The way I do it works fine, as I first find what I want to buy online, then get rid of the crusty old version once the new treasure arrives. But in the video above, you’ll see an even better method: Make the decision about what has to get tossed before buying anything new. Consider what can be disposed of and if you really need to replace it. If the answer is yes, go for it; but if the answer is no, why not try getting rid of the old thing and not replacing it? 

One in, two (or more) out

The thing about one in, one out is that it doesn’t actually reduce the amount of clutter in your home—it keeps it the same. It’s a good preventive measure that can stop you from accumulating too much, but it doesn’t actually declutter. You know what does? One in, two out. Hell, make it three out. This strategy is gaining popularity on Reddit and other social media sites where decluttering-minded people compare tips and tricks, largely because it actually does help declutter. 

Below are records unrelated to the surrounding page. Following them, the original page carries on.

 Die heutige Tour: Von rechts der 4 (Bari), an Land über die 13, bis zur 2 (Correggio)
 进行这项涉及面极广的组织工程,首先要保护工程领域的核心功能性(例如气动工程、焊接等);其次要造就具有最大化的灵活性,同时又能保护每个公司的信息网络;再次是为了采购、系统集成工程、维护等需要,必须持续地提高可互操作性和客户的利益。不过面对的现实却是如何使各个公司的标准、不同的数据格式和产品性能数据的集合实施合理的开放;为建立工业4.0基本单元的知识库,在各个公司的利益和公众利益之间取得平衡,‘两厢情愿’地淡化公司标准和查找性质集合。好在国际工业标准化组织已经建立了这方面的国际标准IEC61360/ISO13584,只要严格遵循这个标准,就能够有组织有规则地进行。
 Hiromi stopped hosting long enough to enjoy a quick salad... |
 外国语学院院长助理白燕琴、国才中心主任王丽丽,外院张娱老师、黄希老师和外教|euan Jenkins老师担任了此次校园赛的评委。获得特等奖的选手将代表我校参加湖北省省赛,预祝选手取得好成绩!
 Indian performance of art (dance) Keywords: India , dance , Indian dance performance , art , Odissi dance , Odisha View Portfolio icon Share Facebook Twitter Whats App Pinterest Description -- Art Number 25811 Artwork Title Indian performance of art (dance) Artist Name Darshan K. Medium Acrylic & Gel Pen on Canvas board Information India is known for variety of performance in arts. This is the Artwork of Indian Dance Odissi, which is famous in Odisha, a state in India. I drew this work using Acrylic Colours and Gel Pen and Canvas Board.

When bringing in something new, set a goal to get rid of more than one other thing. You can start small with two, but escalate your efforts to three, four, or more. Switch it up, too, depending on what you’re bringing in. If you’re buying a fancy new espresso machine, consider getting rid of your little coffee pot, your filters, and two random kitchen items you don’t use anymore, since the new machine is so large. If you’re bringing in something small, like a new mug, you can keep your outgoing number small, too, maybe just getting rid of two other mugs. 

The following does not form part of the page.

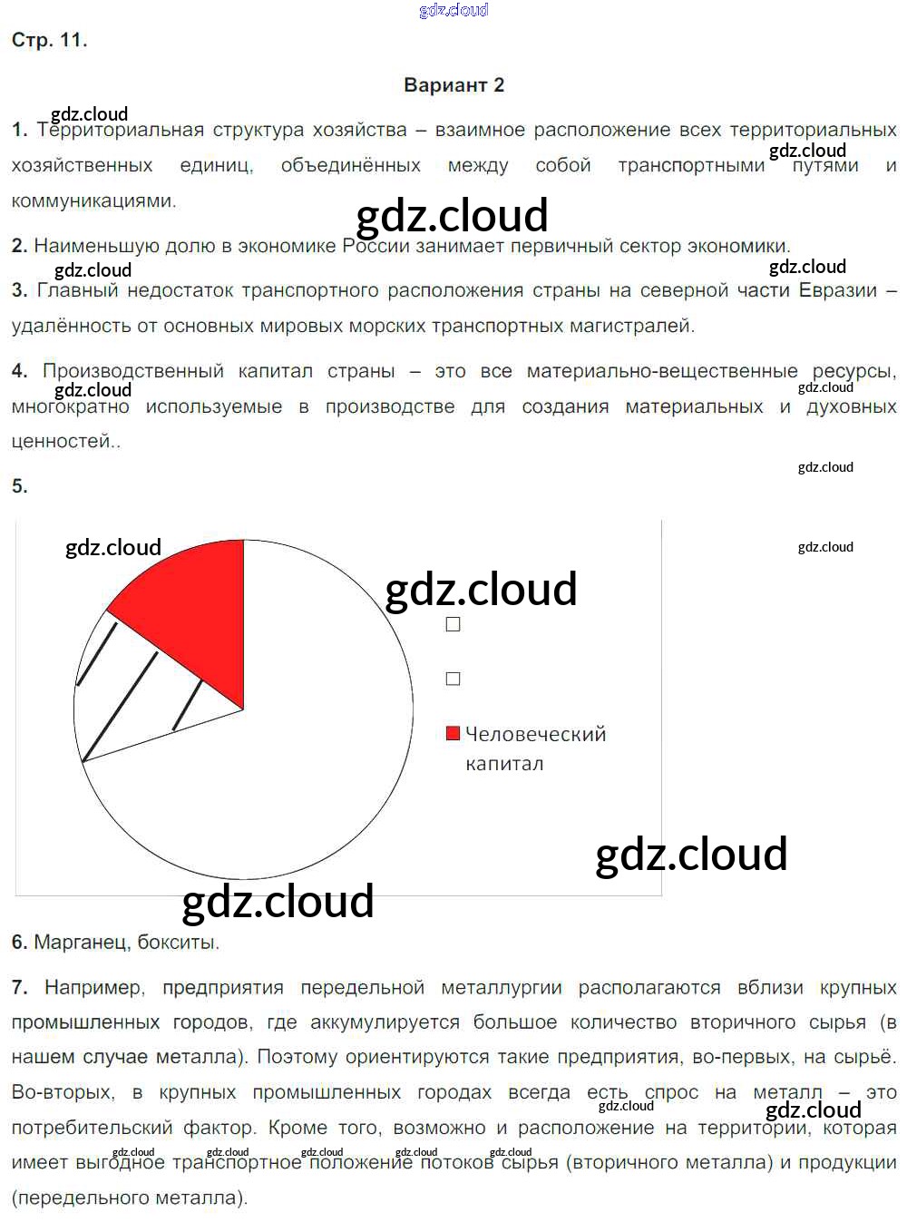 Ответ на задание вариант-2 Тетрадь-экзаменатор География за 9 (девятый) класс Барабанов Сферы 2017
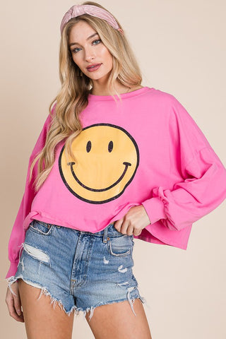 SMILEY FACE, LONG SLEEVE, CROP TOP-Smiley face print long sleeve t-shirt-Long sleeve-Crop topMODEL IS 5'9" AND IS WEARING SIZE SMALL

Don’t stress over how much you’re going to can. Just focus on making sure the outgoing number is bigger than the incoming one, even if only by one. 

One in, one out: remastered

All of that said, there’s a way to combine the two versions into one perfect version of one in, one out. It’s shown in the Instagram reel below:

No matter what you’re buying, it almost certainly comes in some kind of container—and that container is going to be your “one” outgoing thing. When you make a purchase from Amazon, for instance, it comes in a box. You might have bought one item, but that whole box should be filled with things you need to toss. One thing in, one box out. For a real challenge, try this the next time you go shopping in real life, too: Fill the shopping bag to the brim with things you don’t need anymore and get rid of it before putting away whatever came in it. 

By reframing one in, one out this way, you’ll accomplish the goal of getting rid of multiple things in exchange for one new thing, but you won’t stress too much about how many old things you have to get rid of. Just fill the container and call it a day. Then, enjoy your new purchase, guilt-free.